Chief Customer Officer 2.0
Ol’ baldy has revealed the key to his company’s success:
“(T)he No. 1 thing that has made us successful by far is obsessive compulsive focus on the customer as opposed to obsession over the competitor”
mycustomer.com/community/blogs/colin-shaw/bezos-obsess-over-customers-not-competitors
So, you would think with the secret to world domination being revealed, companies would have learned to develop a deep customer intuition and integrate that tightly with their company, right?
Well, I guess they do? Sometimes? Maybe?
It seems my confusion is not unique. Some people have been at this game a bit longer though, and some companies have even though to have a position on the board of the “Chief Customer Officer”:
Because the CCO role is still so new, there is as yet no executive MBA program or even a Harvard Business Review treatise about becoming a CCO. Jeanne Bliss, who was the Chief Customer Officer for Lands’ End, Microsoft, Mazda, Coldwell Banker and Allstate Corporations has written a book called Chief Customer Officer that she wrote as a field guide, based on her twenty five years’ experience in the role.
via Wikipedia, the Chief Customer Officer
Who’s it for:
Those interested in becoming a Chief Customer Officer, or integrating customer relations more tightly into their business.
(I’ll be honest, I haven’t yet given this book as close of a look as the others, but it’s a cool new trend in software and business I think so: monkey see monkey do)
The Rust Programming Language
In a post Moore’s law world, Rust has emerged as a front runner for fast and safe systems programming.
While lower level systems programming in C and C++ have previously only been accessible to the most headstrong, stubborn, and educated programmers around, Rust’s “friendly helpful compiler” and inherent “fail-safe” design are built around making it possible for more developers to write fast, safe, and readable low-level code.
Co-author Carol Nichols is heavily involved in the open source development and community around Rust and has delivered talks such as “Rust: A language for the next 40 years” that detail the problem ecosystem in which Rust exists and the strength of Rust’s positive and progressive open source community.
Who’s it for
Persons in industry interested in converting or moving portions of development on legacy code in C/C++ to Rust, or those interested in learning an emerging and powerful language.
Shoshana Zuboff’s The Age of Surveillance Capitalism
History has plainly shown that capital has a tendency to beget more capital.

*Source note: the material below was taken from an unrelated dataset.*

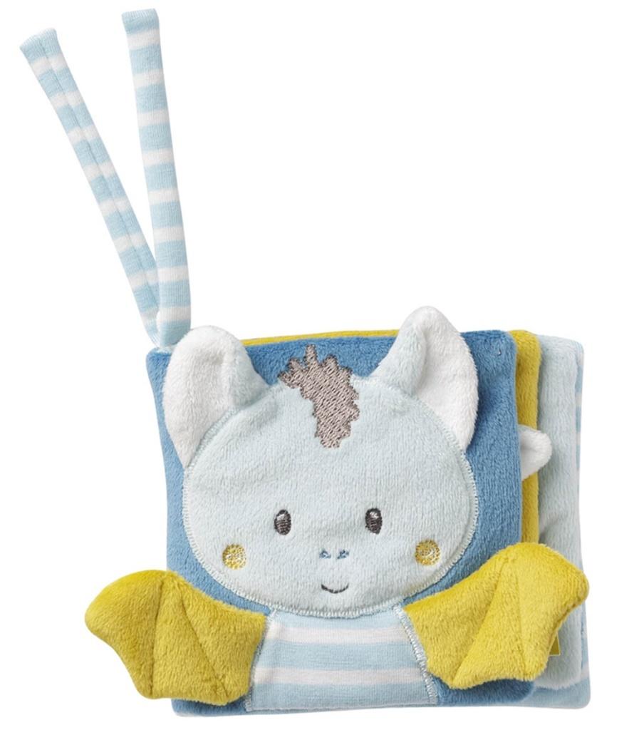 Opis produktuZasady bezpieczeństwaKsiążeczka edukacyjna Nietoperz, z kolekcji: Mały Zamek. Miękka i przytulna książeczka, która zabiera dziecko w odkrywczą podróż do zamku pełnego ciekawych postaci. Na tytułowej stronie wita nas uśmiechnięty nietoperz, z miękkimi skrzydełkami do chwytania. Po otwarciu odkrywamy małe lusterko z bezpiecznej folii. Następnie znajdujemy sympatycznego smoka, którego można targać za uszy. W dalszej podróży zobaczyć możemy złotą gwiazdkę i rakietę skierowaną ku niebu, której naciśnięcie wyzwala delikatny dźwięk. Aż wreszcie docieramy do przyjaznego, białego duszka i pięknego zamku, który szeleści pod paluszkami. Dzięki dodatkowym wstążeczkom łatwo możemy zamontować książeczkę przy nosidełku, wózku, lub łóżeczku. Zabawka przeznaczona dla dzieci od najwcześniejszych dni, pobudzająca do chwytania, potrząsania, ściskania. Niezbędna do poznawania świata, wzbudzająca ciekawość, jednym słowem potrzebna zawsze i wszędzie. Każda strona to nowe doświadczenie dla maluszka. Przyjazne w dotyku materiały. Bezpieczne lusterko. Elementy interaktywne takie jak piszczałka, lusterko, szeleszczące kartki i różnorodne faktury materiału stymulują zmysły. Rozwija zdolności motoryczne i manualne. Wszystkie zabawki niemieckiej marki FEHN są bezpieczne dla dzieci od 0 lat. Wykonane są z najlepszej jakości materiałów. Spełniają normy EN71, CE, badane w instytutach ""Stiftung Warentest"" lub ""kotest. x

Zuboff’s’s “The age of surveillance capitalism”, however, details a new order for the 21st century where mass data collection and information systems allow for leading tech companies to have a supreme order of business, marketing, and personal-level targeted data intelligence that ensnares users and trounces the competition.
Whether it’s targeted advertising in search results or wining Trump the presidency, understanding the development of this form of hidden, soft power this century is important for a wider audience to understand. The book certainly has a somewhat negative spin around some aspects that I consider to be more morally ambiguous (instead of malicious) and has a somewhat professorial tone, but it could be one of those texts that 50 years from now will still be looked back on as a key to understating developments in technology, business, and society in the 21st century.
Who’s it for:
Those interested in the state of “big tech” in a social and historical context.